Sama sprawa z naszyjnikiem również wydaje się być jedynie sprawą rekwizytową, by pchnąć fabułę ku konkluzji, a nie naturalnym stanem rzeczy, który wynikł w ciągu historii.

 

Tutaj wiele do poprawki. Ta historia mogła kopać mocniej, ma potencjał, lecz mam wrażenie, że technika grała tutaj główne skrzypce, a sama opowieść zeszła na dalszy plan.

 

Wrażenia ogólne:

 

Czytało się, mimo momentami walki z nieustającą stylizacją, dobrze. Tekst mógłby by klarowniejszy oraz zawierać bardziej dopracowane elementy fabularne — rozkład ciężkości tekstu i podkreślenie głównych jego filarów tak, by wkręcić czytelnika — ale ostatecznie jest to porządna, rzemieślnicza robota. Osobiście mam w tej chwili dylemat między Karawanem a Tobą, jednak myślę, że ostatecznie werdykt wyjdzie także z decyzji innych sędziów.

 

Liczę na Ciebie w przyszłości, Felicjanno :)

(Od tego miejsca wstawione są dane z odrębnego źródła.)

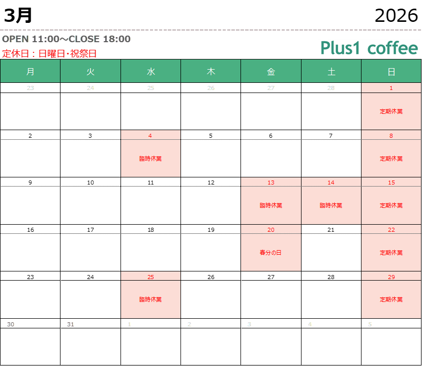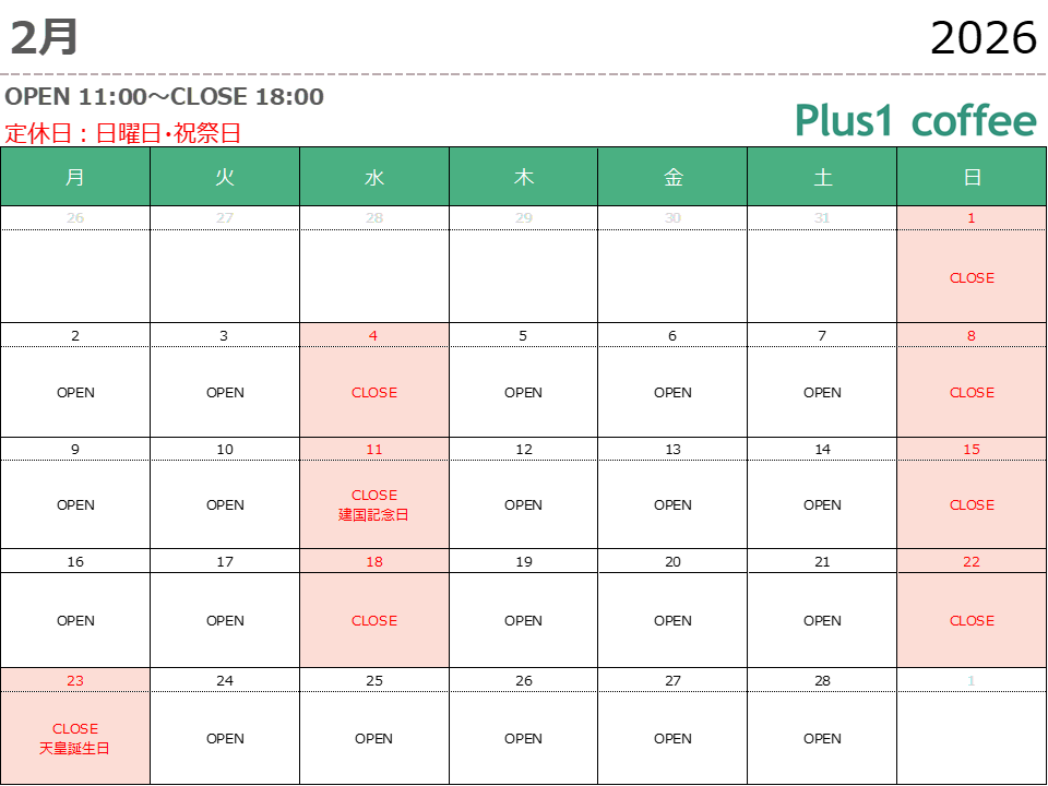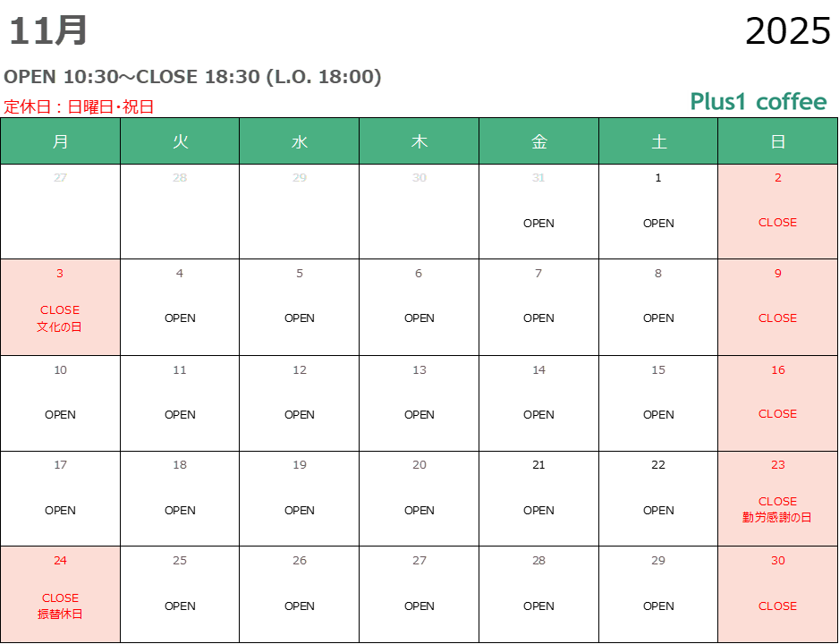 | 店舗名 | Plus1 coffee |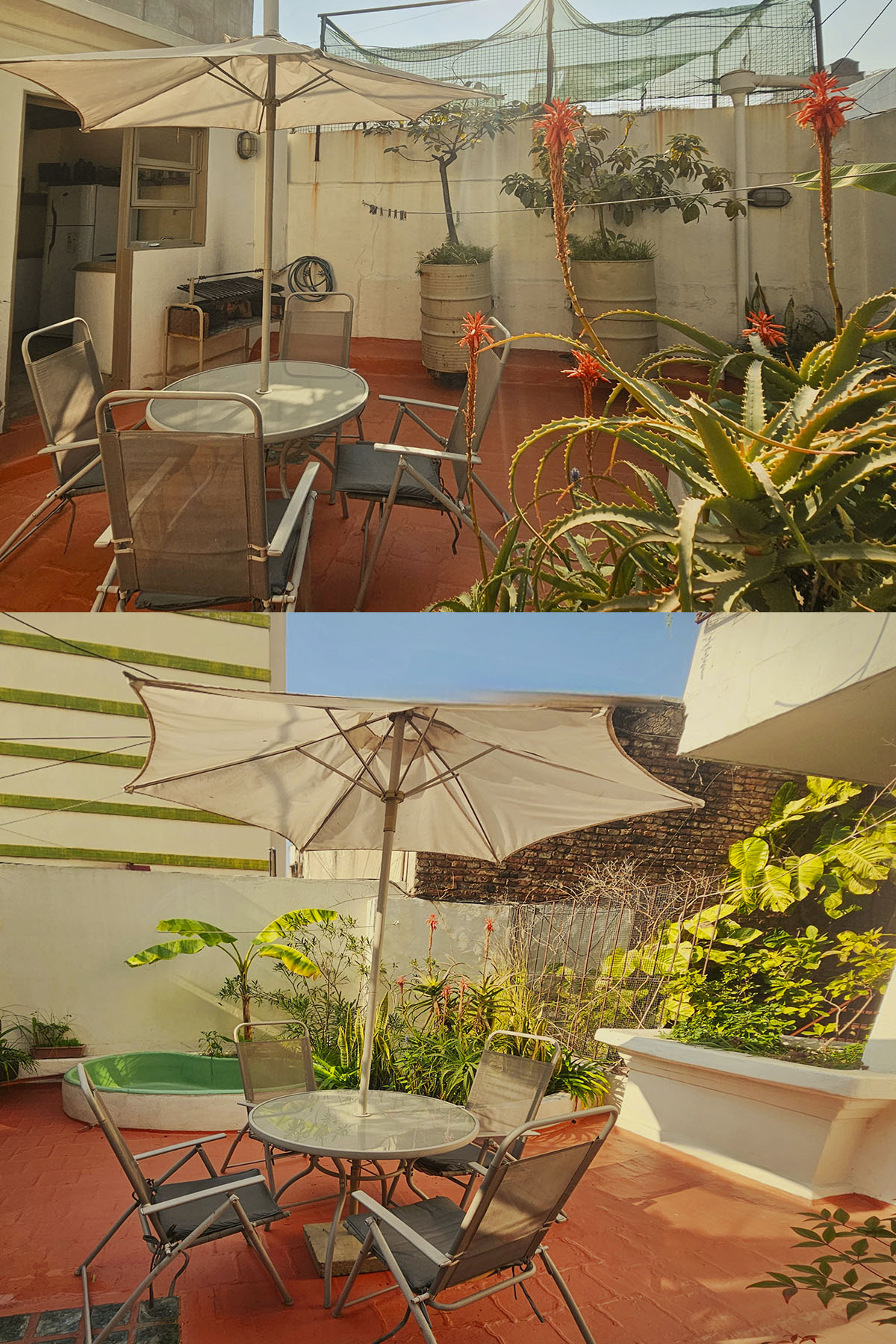 - Terraza privada de 25 m² con parrilla, mesa, sillas, sombrilla y pequeña pileta con agua fría/caliente.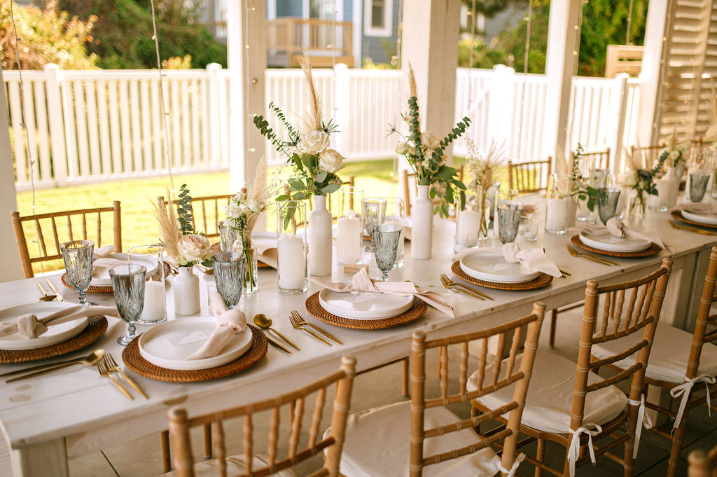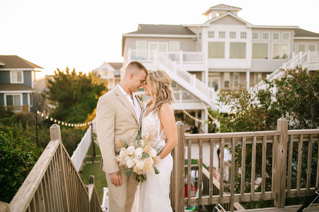 There’s something effortlessly romantic about an event home wedding in the Outer Banks — where the ocean breeze, dune grass, and golden light set the scene for an unforgettable coastal celebration. It’s like a comfortable backyard wedding, but elevated! For this Corolla wedding, the couple embraced the natural beauty of the shoreline, designing a day that felt both organic and refined.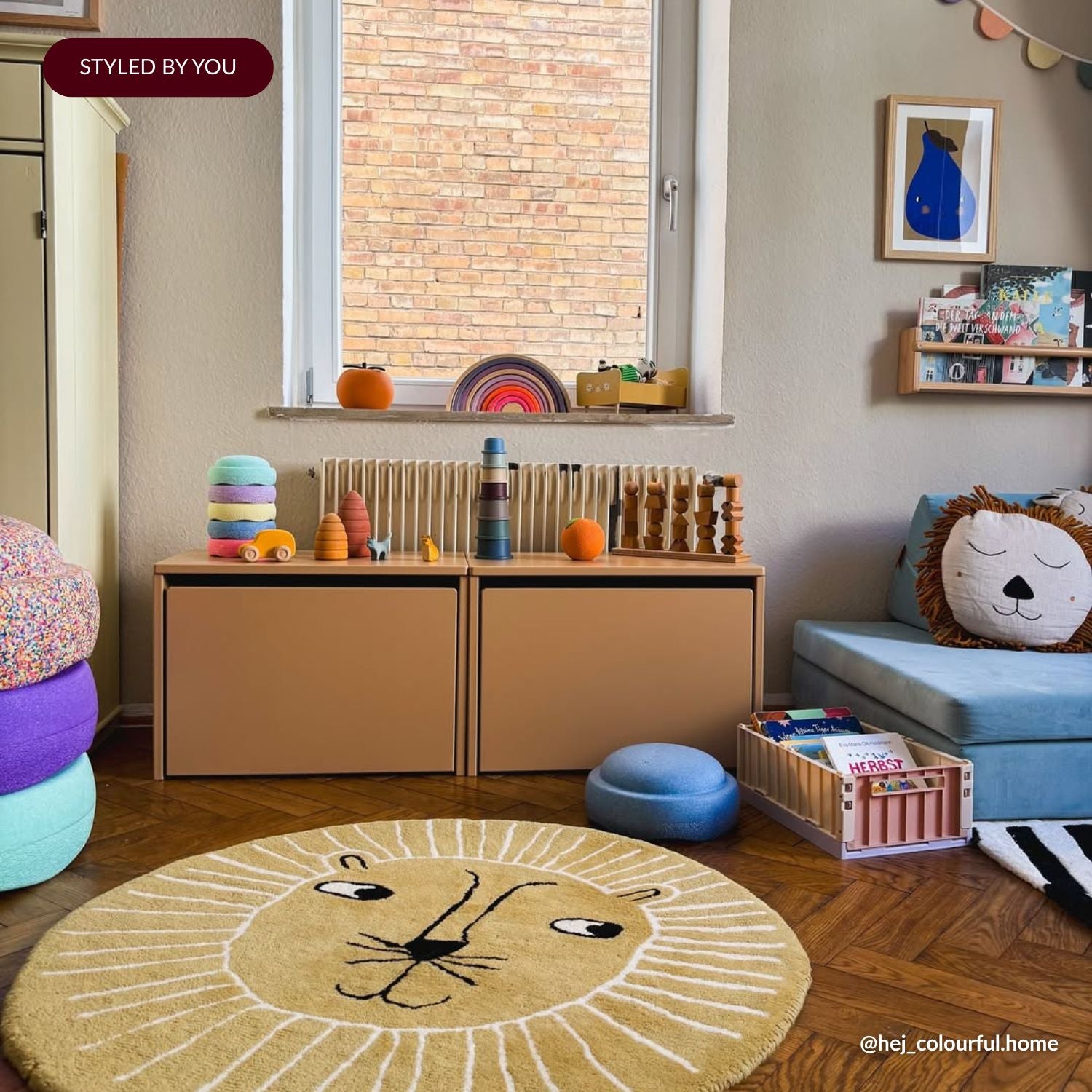 Le banc de rangement FLEXA Dots 3 en 1, conçu par Charlotte Høncke, est le meuble de rangement idéal pour les jouets des enfants. Il peut être utilisé dans la chambre d'enfant, dans le salon ou dans l'entrée, et il peut servir de rangement, de banc et de table de chevet. Les roulettes en caoutchouc souple protègent le sol et permettent même au tout petit enfant de sortir la boîte de rangement et de ranger tous ses jouets en quelques secondes. La découpe du banc est prévue pour que l'enfant ne se coince pas les doigts lorsque le banc est refermé. Le banc de rangement est disponible en divers couleurs récréatives et il est en MDF.

Średnia ocena: 5.0  Głosów: 5

Zaloguj się, aby ocenić

Komentarze (2)

  • Karawan 12.02.2018
    Dziękuję,bo to już druga konstatacja, że nie cofam się, a pełznę do przodu. Zarówno Tkaczyk jak i Twoje świetne felietony mają w tym ogromny udział. Dziękuję!!
  • Felicjanna 12.02.2018
    kurczę. Nie mogłam znaleźć Twego podsumowania, chyba nie ma go na głównej.
    Ale, dziękuję przede wszystkim i no cóż. Jest już po ocenach i lepiej niż w poprzednim punktowo, czyli chyba brnę w przód, jak Karawan.
    Cała Wasza trójka zarzuca mi małą ekspozycję Bruna, ale tutaj tak miało być. To był wycinek życia Talindy. Bruno jedynie tamtędy przejeżdżał, a zaistniał dla wygody osadzenia opowiadania w świecie zamieszkałym przez niego.
    Naszyjnik był rekwizytem, uniemożliwiał przemianę i męczył dziewczynę. Na noc najprawdopodobniej zdejmowano go, stąd rano czuła się lepiej. Nie wiem, nie widziałam, nie opisałam- domysł.
    Wiele zagadek bez wyjaśnień, bo i nie miało ich być. Istotne było tylko to, czy można było coś zrobić, by żyli długo i szczęśliwie i odpowiedź, że ze względu na to, co ją spotkało - w domyśle porzucona w lesie przez matkę, która nie była w stanie zabić zarażonego dziecka - niestety nie. Jej czas się skończył.
    Cud istnienia, lecz tylko przez chwilę.
    Skoro są obiekcje, nie do końca zostałam zrozumiana, a co do mocy uderzeniowej zakończenia, to jest to mój pierwszy uśmiercony niewinny bohater [z tych wydrukowanych], ponieważ robić tego nie potrafię i zawsze mam obiekcje.
    Tak, wiem jak to o mnie świadczy, jako o kimś, kto chce napisać powieść w średniowiecznych klimatach.
    Pozdrawiam. Uwagi wykorzystam, a czy uda mi się je wdrożyć sensownie w swoje prace, pokaże czas.